You've got to remember that Drupal 7 has been out for six years, so that's a
long time for the ecosystem to mature. The current way you'd build a site in
D7 barely resembles the way you'd do it back in 2011. Also, it was a long time
after it was released that you'd be able to pick it over D6, and I think we're
in the same situation with D8.

I did launch a D8 site using a bunch of alpha/beta modules last summer and
every time I do updates more and more of them have moved to stable. Lots of
the big modules are using this as an opportunity to reevaluate how they are
approaching things and that can take time to settle.

On top of that it's going to take some time for everyone to get used to OOP,
DI, and all of the new ways of doing things. Personally I love it and have
built a couple of modules so far and it's way nicer, but if this is a module
maintainer's first exposure to OOP it's going to be a rough ride.

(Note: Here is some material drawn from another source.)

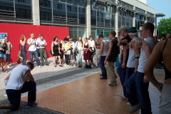 Die Da Rookies, derzeitige Weltmeister im Break Dance trainieren einmal wöchentlich im Steps-Dance-Center den Nachwuchs. Auf den Fotos sind die Da Rookies vor der Cash-Box, der Jugendfiliale der

The audience has also shifted. D8 is more of a pro framework/CMS than say D6
was. If you're building a brochureware site or a blog you should just use
WordPress or Squarespace. That type of site is certainly possible using D8 but
it will be more complicated to set up and won't really show its strengths.

------
arcbyte
Anybody have a dockerfile that will run this? I'm killing myself trying to
build one.

------
nodesocket
Is this focused on a particular farming nitch? Marijuana? The README.md should
have more features/benefits and screenshots at the top, not just all technical
doc.